Все в заведении залились смехом, и даже сам Чак, до сего момента пребывавший в скверном расположении духа расхохотался. Посмеявшись и закурив новую сигарету, наш новый знакомый продолжал:
-  Как бы там ни было, нам в редакцию даже снимки прислали. Говорят их сделал сын того самого огнеборца, незадолго до того как эти объекты растворились в воздухе. Не думаю, что это будет сенсационный материал, сейчас таких сообщений становится всё больше и больше, однако не могу не ознакомиться. В последнее время всё труднее и труднее найти стоящую историю. Десять лет назад, люди охотнее делились произошедшими с ними событиями. Время от времени, шеф намекает, что подумывает о закрытии моей колонки, такие уж пресные истории стали там публиковаться. А у меня аж сердце замирает, ведь я занимаюсь подобным с самого колледжа, мне нравится открывать миру, что то невероятное. Показывать людям, что на свете есть место не только рутинным заботам и насилию, но и совсем необычным историям. Жаль будет конечно перейти к написанию обычных городских новостей, после десяти лет титанического труда, но что поделать. Может буду также продолжать в свободное время заниматься этим, а когда доживу до такого почтенного возраста, как вы, джентльмены, издам книгу.

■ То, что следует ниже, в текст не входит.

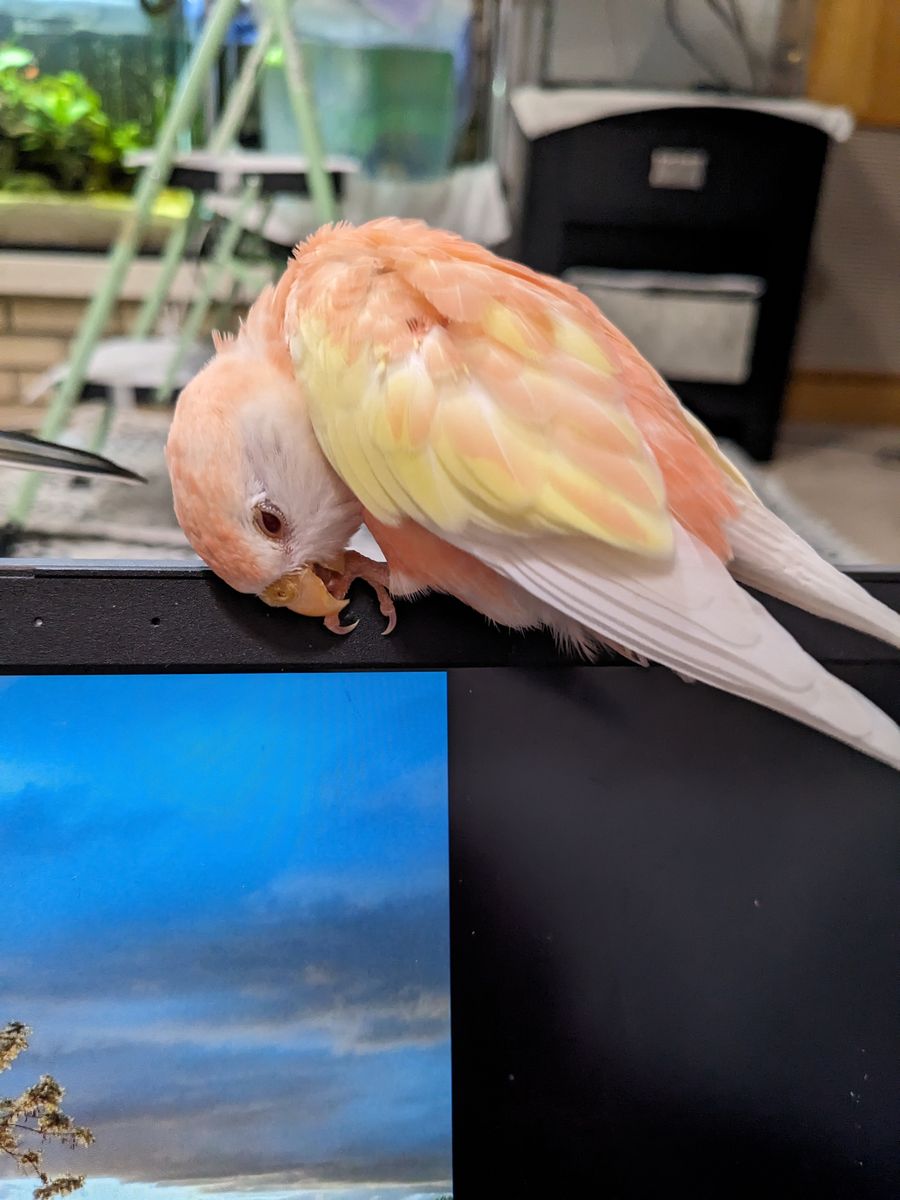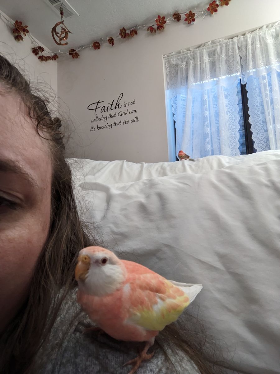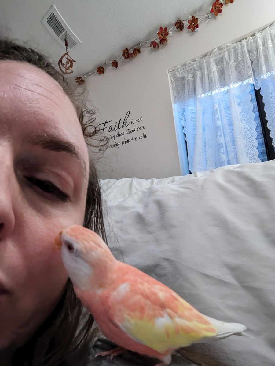 She can step up when in the mood(not anxious) and asks for cuddles and kisses once a month(yes, she does cuddle and kiss when in your hand).

Кто знает?
-Ну, может быть именно в наш город, Вам на самом-то деле и нужно было попасть? – осторожно заметил я.
И тут мне всё стало ясно. Ещё только узнав, что с нами в одном кафе сидит журналист, я расценил это как знак свыше, а теперь  тот факт, что этот молодой человек, остановился в наших краях по воле случая, тут же расставил все мои догадки по своим местам. Я понял, что именно сейчас должен поведать, ту историю, которую хранил долгие годы, в тайне ото всех.
Я затянулся табачным дымом из моей трубки и снова обратился к молодому журналисту, сидевшему напротив.
- Раз уж Вы здесь, позвольте, я не дам этому вечеру, пропасть бесследно? Думается мне, что сегодня никто из присутствующих, не откажет мне вправе рассказать одну изумительную, на мой взгляд, историю, я прав господа?
Все одобрительно закивали головами. Я попросил бармена принести нам бутылочку доброго бренди, дабы не отвлекаться посреди повествования и начал свой рассказ.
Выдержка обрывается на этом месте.